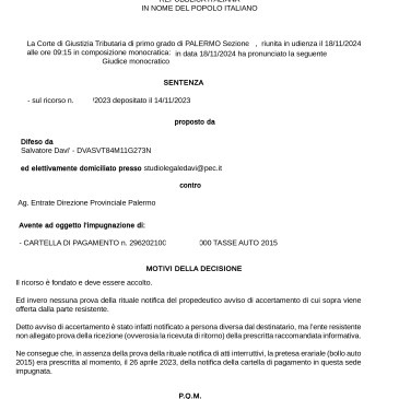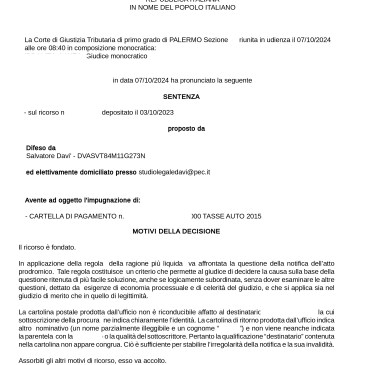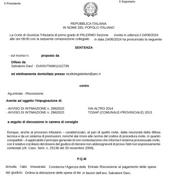 “Anche al processo tributario è applicabile il principio generale di non contestazione che informa il sistema processuale civile, con il relativo corollario del dovere del giudice di ritenere non abbisognevoli di prova i fatti non espressamente contestati” Accolto in questi termini il ricorso proposto dall’avv. Salvatore Davì, annullata l’intimazione di pagamento emessa per IVA e … More Il principio generale di non contestazione previsto in materia civile si applica anche al processo tributario.
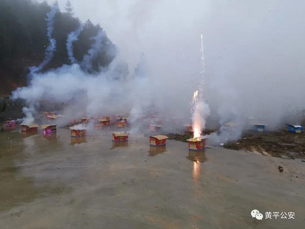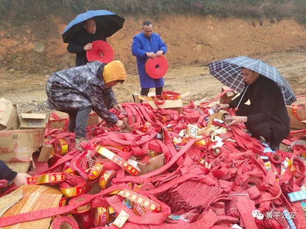 2月9日下午,黃平縣公安局治安大隊對行動中收繳的非法煙花爆竹在黃平縣城郊五里墩進行集中銷毀,縣委常委、政法委書記彭光明,縣人民政府副縣長、局黨委書記、局長李輝到現場督導銷毀。
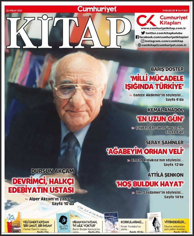 - Bu sayımızın kapağında, yaşamı ve usta yapıtlarıyla bugün de özgürlük ve insanca yaşam kavgamıza ışık tutan; yoksul köylülükten köy öğretmenliğine, sendikal mücadeleye, gazeteciliğe ve edebiyat alanına uzanmış; evrensel olarak adını duyurmayı başarmış ve tüm yapıtları Literatür Yayınevi’nce bir kez daha yayımlanan Dursun Akçam yer alıyor. Alper Akçam’ın yazısı...
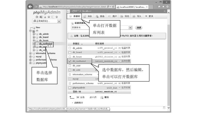 第2步,進(jìn)入數(shù)據(jù)庫以后,現(xiàn)在左邊的側(cè)邊欄里顯示著數(shù)據(jù)庫的各個(gè)表,單擊就可以進(jìn)入,也可以單擊右邊的圖標(biāo),如圖20.27所示。
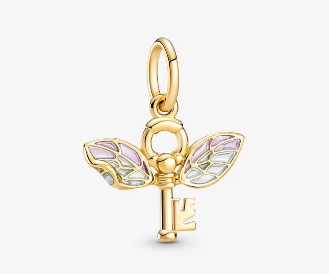 Este colgante de Pandora, está realizado con un recubrimiento electrolítico de oro de segunda ley de 14K y unas alas terminadas con la técnica plique-à-jour que le dan ese toque tan especial, permitiendo de esta forma que pueda pasar la luz a través de ellas. Para rematar un diseño tan mítico y especial, una de las alas está ‘rota’, como aquella que Harry Potter consigue atrapar en la película.

## What this task involves
Leave out every picture and copy verbatim the lines running from the line containing "第2步,進(jìn)入數(s" through the final line of the data.

## Written answer
 第2步,進(jìn)入數(shù)據(jù)庫以后,現(xiàn)在左邊的側(cè)邊欄里顯示著數(shù)據(jù)庫的各個(gè)表,單擊就可以進(jìn)入,也可以單擊右邊的圖標(biāo),如圖20.27所示。
 Este colgante de Pandora, está realizado con un recubrimiento electrolítico de oro de segunda ley de 14K y unas alas terminadas con la técnica plique-à-jour que le dan ese toque tan especial, permitiendo de esta forma que pueda pasar la luz a través de ellas. Para rematar un diseño tan mítico y especial, una de las alas está ‘rota’, como aquella que Harry Potter consigue atrapar en la película.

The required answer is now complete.